科学出版物记载了我们的祖先使用锦葵属植物治疗炎症性疾病和皮肤疾病。小花锦葵在传统医学中据报道对伤口愈合有益;然而,缺乏实验研究来证实这些说法。
我们开展这项研究,以探索小花锦葵的代谢产物,并使用体内和体外模型验证其伤口愈合特性。
采用液相色谱电喷雾电离串联质谱法(LC/ESI-MS/MS)鉴定乙醇提取物中的不同代谢产物。此外,使用福林-酚试剂测定总酚含量。为验证提取物的伤口愈合潜力,采用体内大鼠伤口切除模型。用无菌活检穿刺针制作直径5毫米的圆形伤口。伤口分别用植物提取物(2.5%和5%)以及一种市售伤口愈合产品(美宝®)处理10天。结果评估如下:1)测量伤口面积相对于原始伤口大小的减少百分比。2)评估伤口愈合生物标志物的水平,即I型胶原蛋白(Col-1)、α平滑肌肌动蛋白(α-SMA)、细胞外信号调节激酶-1(ERK1)和基质金属蛋白酶-9(MMP9)的水平。3)对伤口组织进行组织病理学检查。采用多种测定方法研究小花锦葵叶乙醇提取物的抗氧化性能:总抗氧化能力(TAC)、铁还原能力(IRP)、1,1-二苯基-2-苦基肼(DPPH)和2,2'-偶氮双(3-乙基苯并噻唑啉-6-磺酸)(ABTS)自由基清除测定。此外,通过计算蛋白质变性的抑制百分比和蛋白酶的活性来确认抗炎活性。

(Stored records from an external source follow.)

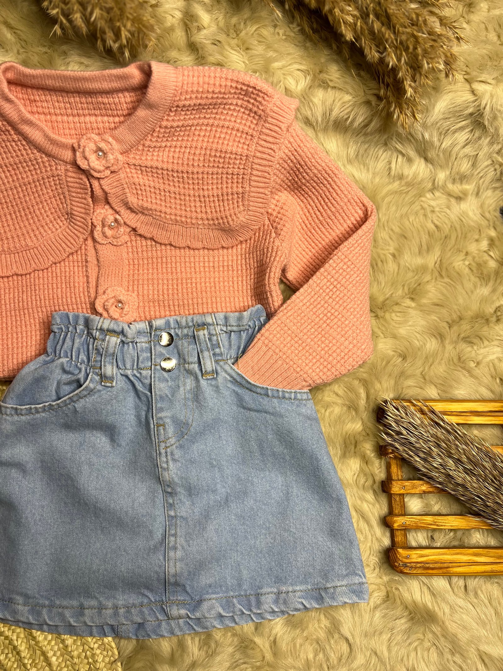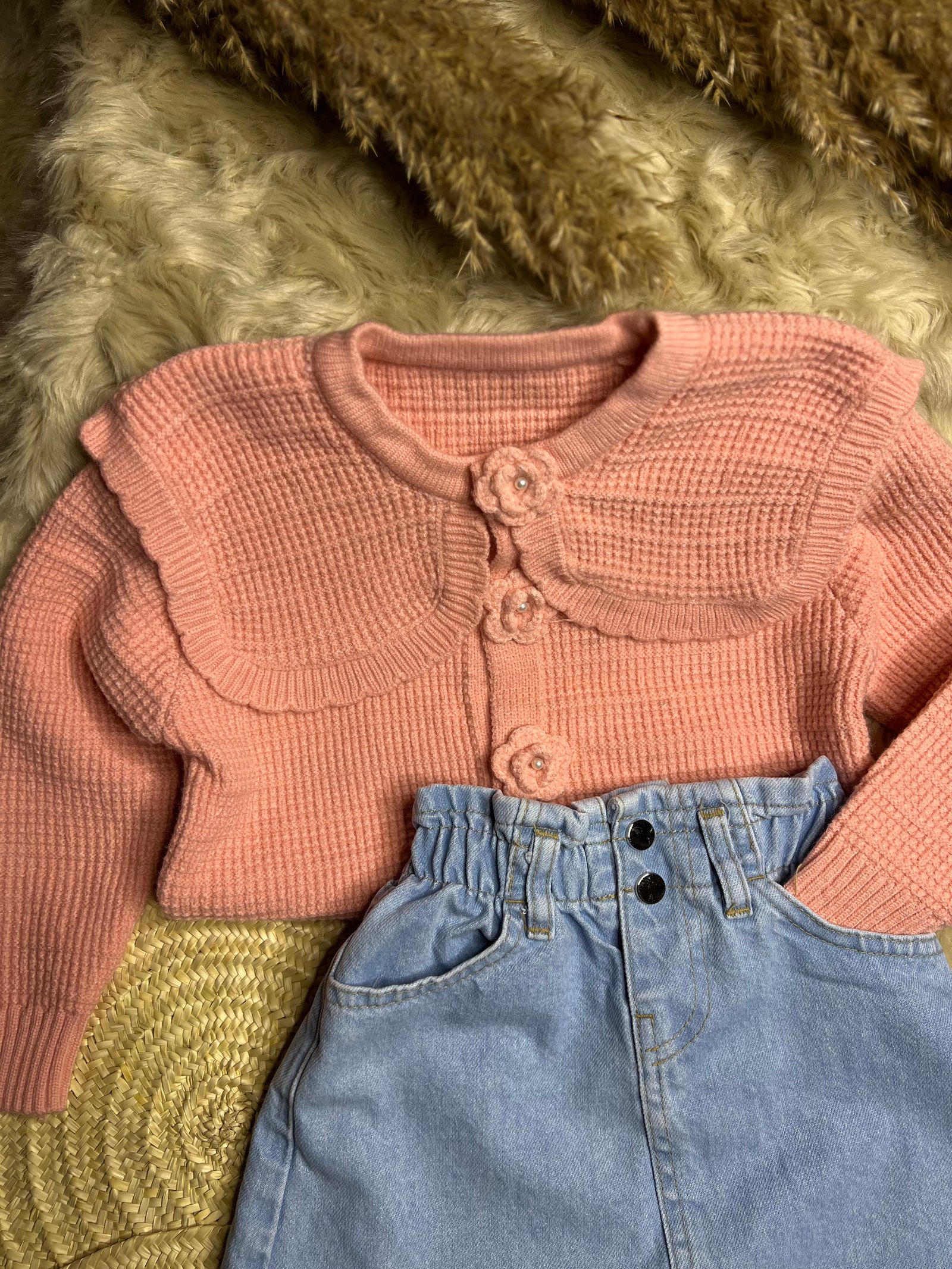 • الكنزة: سترة صوفية (تريكو) ناعمة بلون وردي رقيق، تتميز بياقة عريضة مكشكشة ومزينة بأزرار على شكل أزهار بارزة تضفي لمسة جمالية فريدة.
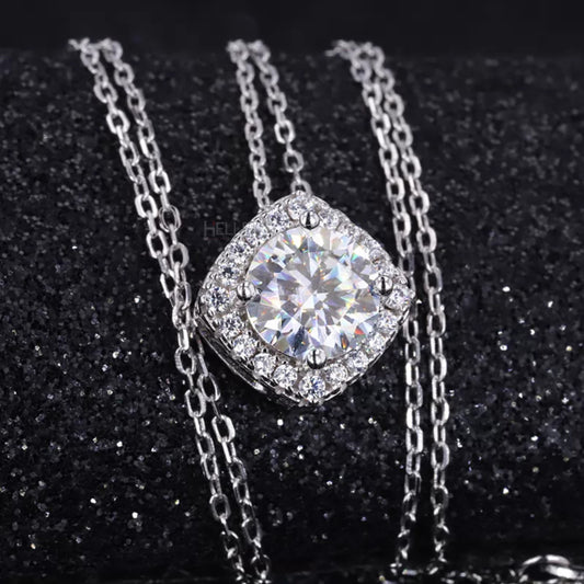 Halo Round Cut Moissanite Cushion Shape Necklace
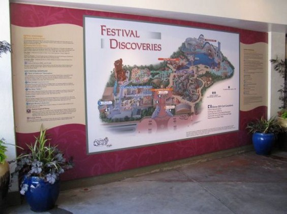 Located just inside the park gates (in the old stroller rental center) is the Festival Welcome Center. Besides having a very large map of the park and the Festival activity locations and some really spiffy Guest Services Cast Members to answer questions and sell you a wristlet gift card, It’s not much.
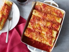 Arrange the prepared cannelloni, seam-side down, in a single layer in the baking dish. Spoon the remaining 2 cups tomato sauce evenly over the cannelloni. Sprinkle the remaining 1/2 cup grated Parmesan over top.
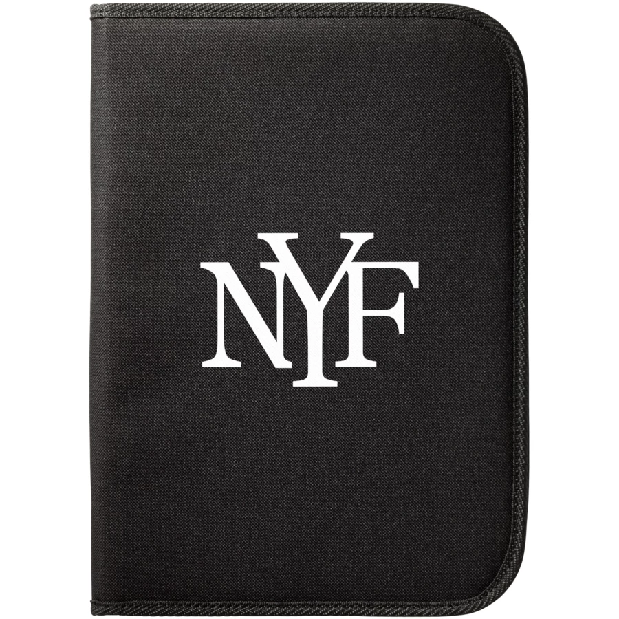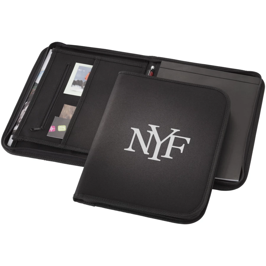 Portfolio zapinane na zamek z kieszeniami na dokumenty oraz 20-kartkowym notesem w linie. Zestaw nie zawiera długopisu i akcesoriów.
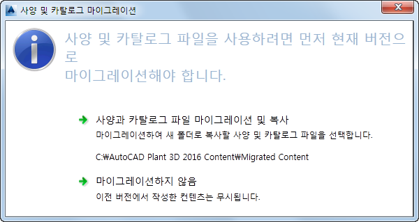 - 도구 메뉴에서 사양 및 카탈로그 마이그레이션을 클릭합니다.
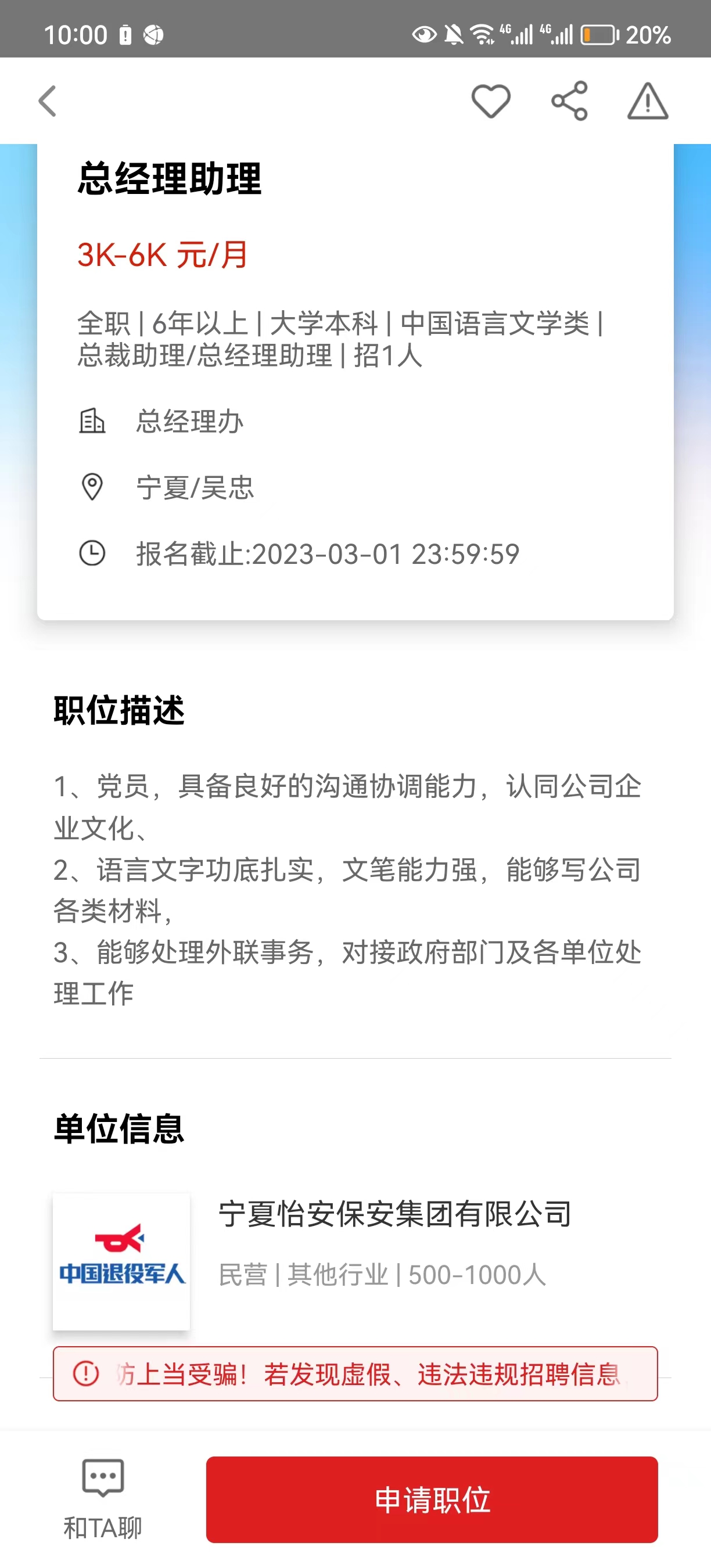岗位:总经理助理

液相色谱串联质谱(LC-MS/MS)分析表明,小花锦葵乙醇提取物中存在多种次生代谢产物,包括酚酸(肉桂酸和阿魏酸)、黄酮类化合物(槲皮素和“异”鼠李素单葡萄糖醛酸苷)、脂肪酸(羟基十八碳三烯酸和氧代十八碳三烯酸),此外还有叶绿素衍生物和类胡萝卜素(分别为脱镁叶绿酸-a和叶黄素)。与未处理的对照组相比,锦葵提取物显著减小了伤口大小。提取物还通过上调I型胶原蛋白、α-SMA和ERK1水平,同时下调MMP9表达来促进伤口愈合。值得注意地是,2.5%和5%提取物的效果与美宝®相似或超过美宝®,组织病理学结果支持这一点。最后,小花锦葵乙醇提取物表现出与所用标准相当的抗氧化和抗炎潜力。
我们的研究为小花锦葵叶乙醇提取物的伤口愈合特性提供了循证支持。许多已鉴定的代谢产物具有伤口愈合、抗氧化和/或抗炎活性这一事实进一步强化了这一点。